What this task involves: From the listing that follows, reproduce only the lines from the one holding "Muestra en bolsa de riesgo biológico" through the one holding "La pieza de", both included, with no pictures.

Supplied data:
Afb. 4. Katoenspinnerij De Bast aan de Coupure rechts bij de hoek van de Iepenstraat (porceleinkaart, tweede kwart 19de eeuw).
* * *
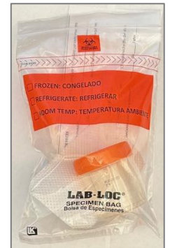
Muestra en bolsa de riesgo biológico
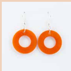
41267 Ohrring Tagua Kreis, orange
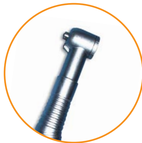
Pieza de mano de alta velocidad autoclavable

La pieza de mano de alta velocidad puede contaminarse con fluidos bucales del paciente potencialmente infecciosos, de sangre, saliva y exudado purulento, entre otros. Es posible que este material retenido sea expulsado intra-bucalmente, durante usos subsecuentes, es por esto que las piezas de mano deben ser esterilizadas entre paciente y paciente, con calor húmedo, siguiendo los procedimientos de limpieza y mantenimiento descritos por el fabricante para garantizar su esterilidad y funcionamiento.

Response for this exercise:
Muestra en bolsa de riesgo biológico
41267 Ohrring Tagua Kreis, orange
Pieza de mano de alta velocidad autoclavable

La pieza de mano de alta velocidad puede contaminarse con fluidos bucales del paciente potencialmente infecciosos, de sangre, saliva y exudado purulento, entre otros. Es posible que este material retenido sea expulsado intra-bucalmente, durante usos subsecuentes, es por esto que las piezas de mano deben ser esterilizadas entre paciente y paciente, con calor húmedo, siguiendo los procedimientos de limpieza y mantenimiento descritos por el fabricante para garantizar su esterilidad y funcionamiento.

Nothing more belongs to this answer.